I own a 40" Samsung 1080P LCDTV.  I haven't gone blu-ray yet. I have a Sony up-converting DVD player that hooks up via a HDMI cable and up-converts up to 1080P on regular DVD's. I was hoping to have a good blu-ray set up at this point but I had a lot of stuff hit me financially recently so I'm waiting until later this summer.

Anyway, a 16:9 HDTV is actually in a 1.78:1 aspect ratio.  If you're watching a movie that was shot in the wider 2.35 (or 2.40):1 ratio, then you'll still have some black bars at the top and bottom of the screen.

I've also noticed that a lot of recent movies that were shown theatrically at 1.85:1 are usually opened up a bit at the top and the bottom to fill out a 16:9 TV.    

As far as settings go, a few months ago I actually eased off a bit on my backlight setting and increased the gamma setting (which controls the intensity of the primary colors red, blue and green).  I also eased back some on the brightness (which controls the levels of the blacks) and the contrast (which adjusts the whites) as well in addition to cutting off the edge enhancement option and the sharpness a bit.

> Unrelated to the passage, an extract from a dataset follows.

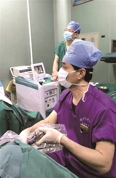 泌尿系統(tǒng)結(jié)石是泌尿外科的一種常見病、多發(fā)病,而徐州地區(qū)又是泌尿系統(tǒng)結(jié)石的高發(fā)區(qū),且許多是巨大、復(fù)雜結(jié)石。以往治療這種結(jié)石,多采用開放式手術(shù)治療,切口大、出血多,術(shù)后恢復(fù)慢,嚴(yán)重的還會(huì)造成腎功能損害。此外,還有部分患者因害怕手術(shù)而選擇保守的體外碎石術(shù),但多次進(jìn)行體外碎石可能會(huì)引起腎實(shí)質(zhì)不可逆的損傷,導(dǎo)致腎萎縮,甚至出現(xiàn)尿毒癥。

Some of my friends who don't know that I don't have blu-ray yet have actually recently been fooled by how some recent up-converted DVD's look on my TV, especially since I tweaked my settings a bit more. I've had my HDTV for about exactly a year now and my friends have teased me how I've constantly tweaked my settings since then.

but I feel like now I've gotten them exactly where I want them to be. Maybe once I actually get blu-ray going (looking at getting a PS3) I might tweak a hair more than but I doubt that I will.